Oh we also celebrated Wrig's birthday. He had peanut butter carob cake:


that he couldn't wait to eat...


And Chum enjoyed some too...



It was a fabulous weekend and today while driving Beck to the airport, it was snowing. The snowflakes were so big, they looked like saltine crackers falling from the sky. It was also very windy and when we got back home we lost power. Poor Chum was so cold because he didn't have the warmth of his heated bed. It's back on now, hopefully for good. Have an interesting week ahead so am trying my best to relax and quiet my mind for the rest of the evening.

Ommmmmmmm.

Friday, March 13, 2009

Happy 3rd Birthday Wrigs


(pic taken last year at his birthday bash)

Because of our move (and the fact that Wrigs really only has one friend here) there'll be no big party like last year or the year before but we enjoyed a brisk walk to the little coffee house and shared a snack waffle. AND Wrigley doesn't know this yet, but his Auntie Rebecca is in town visiting from Chicago for the weekend!!! I'm leaving in a few to pick her up so he'll be soooooooo excited to see her. We'll have a bone cake for him and party hats and kazoos (as per Rebecca's suggestion).

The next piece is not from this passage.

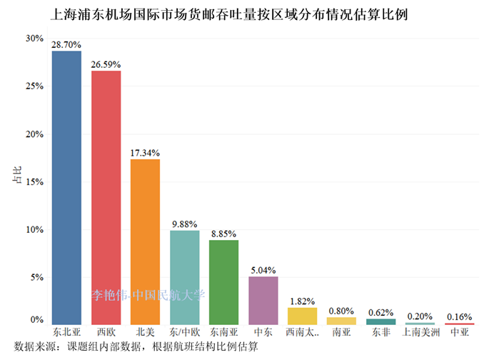 将浦东机场国际货邮吞吐量,细分其目的地结构,根据航线结构估算,东北亚目的地的货物比重占28.7%,西欧为27%,北美为17%,东欧/中欧10%,东南亚9%。由此可见,上海航空货运枢纽已经构建起覆盖全球主要区域的货运网络,是保障我国对外经济贸易中航空货运高效、快速流动的核心枢纽。
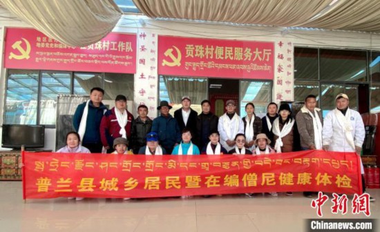 圖為(wei) 醫護人員與(yu) 基層村幹部合影。 普蘭(lan) 縣人民醫院供圖

Here's another link to last year's party preps. It was soooo much fun putting his bash together. He misses all his doggie friends and brother Casey and cousin Chloe.

At least he still has Chumley.

Tuesday, March 10, 2009

Silly Time

I dance around with the animals and change the refrain to this song to "WRRRRRRIGS...Give me your blanket nowwwwwwww!" He prances around with the blanket in his mouth as I chase him around the house.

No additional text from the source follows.